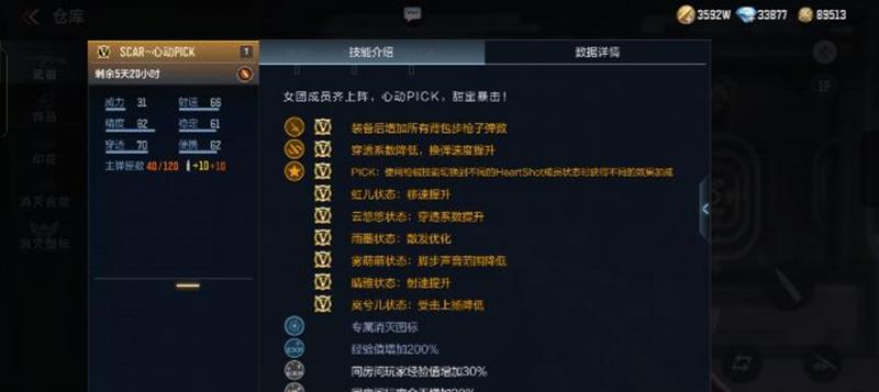 SCAR-心动PICK由于其优秀的稳定性,在一些大图上对枪上可能会有出乎意料的效果,同时由于它的PICKS属性,玩家们可以根据自己的需要搭配不同的女团形态,也赋予了这款武器更多的玩法和可能性。
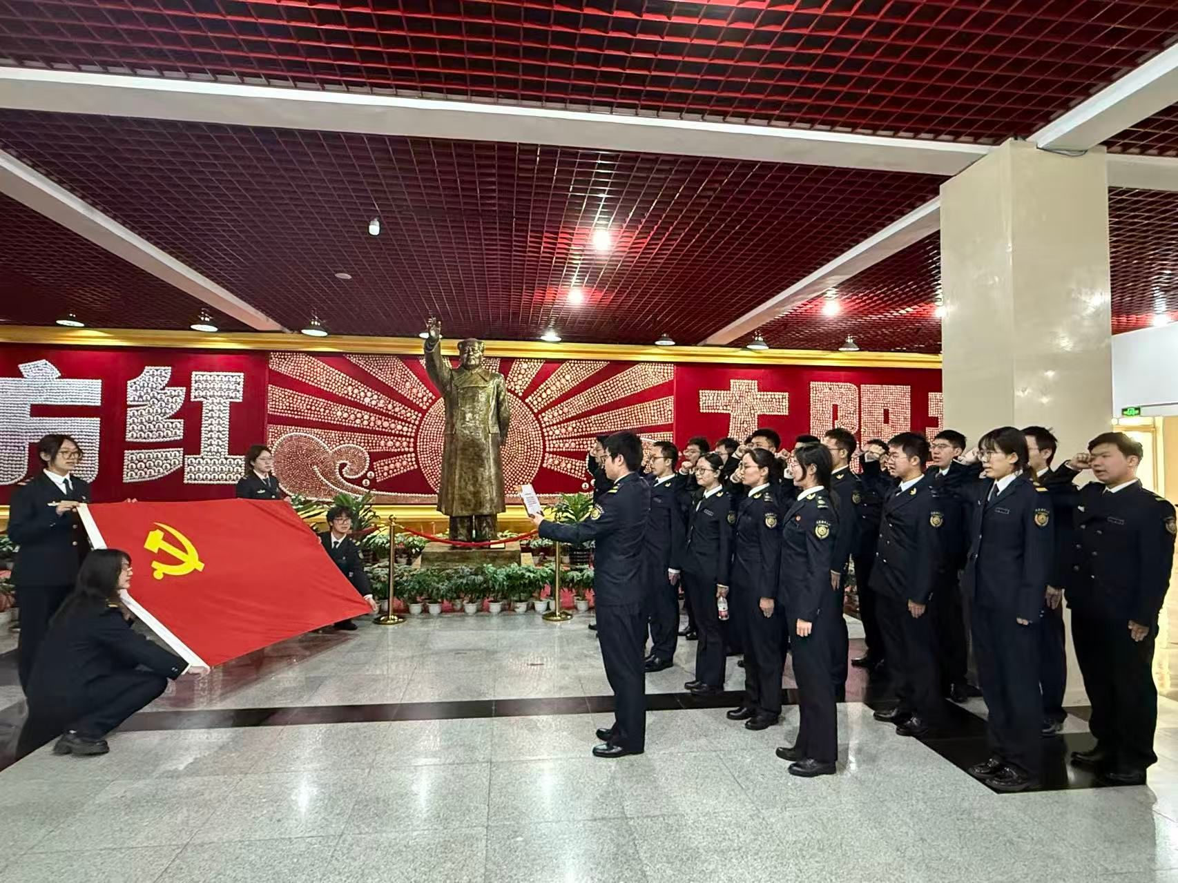 在庄严肃穆的党旗前,全体党员举行了重温入党誓词仪式。铿锵有力的誓言,字字千钧,掷地有声,响彻展厅,也激荡在每一位党员的心间。重温入党誓词,是对初心使命的再次庄严承诺,是对理想信念的又一次深刻洗礼,更是对廉洁自律要求的再次强化宣示。凝聚着对党的无限忠诚,对人民的庄严承诺,对纪律的敬畏和恪守。
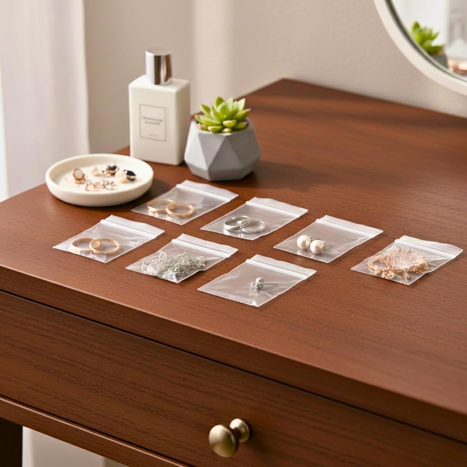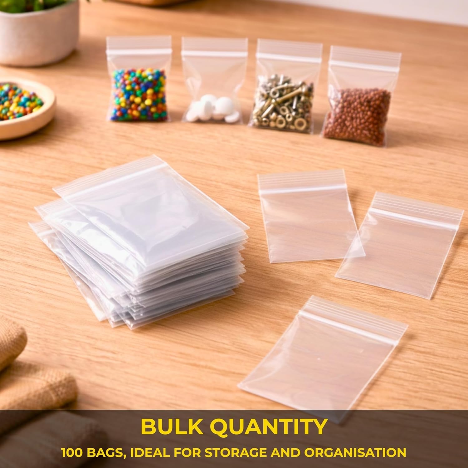 100 Zip Seal Bags Clear Plastic Zip Lock Food Storage, Small Plastic Pouches with Zips, Self Seal, Resealable Packaging for Freezer, Jewellery, Medicine, Office, Mailing and Craft Use 1.5 x 2.5 Inch
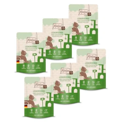 MjAMjAM Premium wet food for cats Quetschie pure meaty feast delicious beef, pack of 6 (6 x 300 g), grain free with extra meat
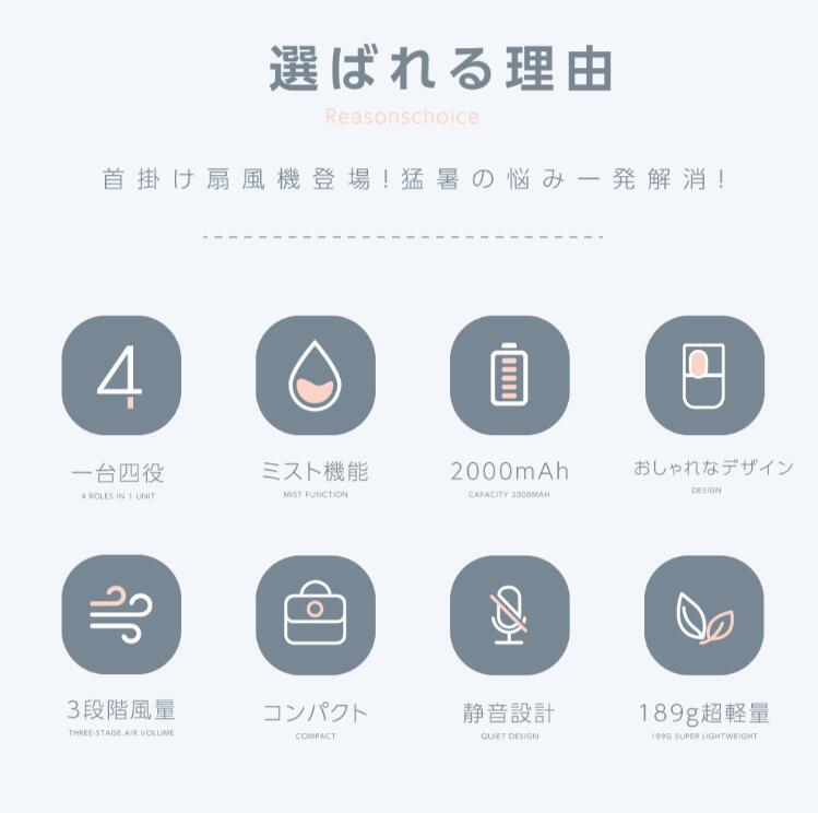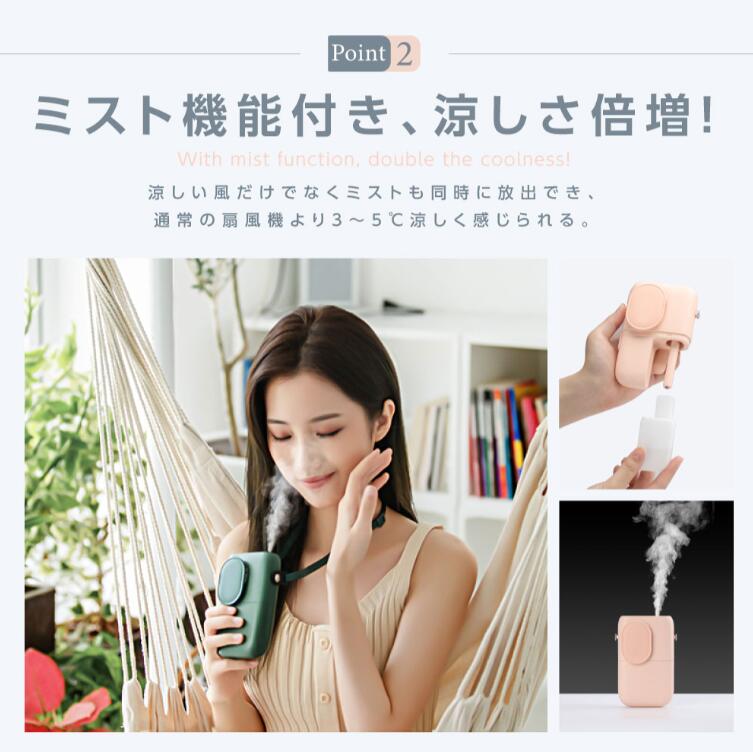 腰掛け扇風機 ファン ミスト機能 加湿機能 首かけ ネックファン 腰掛 腰かけ 手持ち 卓上携帯扇風機

• [WORK TASK]: Give again, word for word, the lines above from the one with "100 Zip Seal" through the final line of the data, both ends included. Do not copy any picture.

• [ANSWER TO THIS TASK]:
 100 Zip Seal Bags Clear Plastic Zip Lock Food Storage, Small Plastic Pouches with Zips, Self Seal, Resealable Packaging for Freezer, Jewellery, Medicine, Office, Mailing and Craft Use 1.5 x 2.5 Inch
 MjAMjAM Premium wet food for cats Quetschie pure meaty feast delicious beef, pack of 6 (6 x 300 g), grain free with extra meat
 腰掛け扇風機 ファン ミスト機能 加湿機能 首かけ ネックファン 腰掛 腰かけ 手持ち 卓上携帯扇風機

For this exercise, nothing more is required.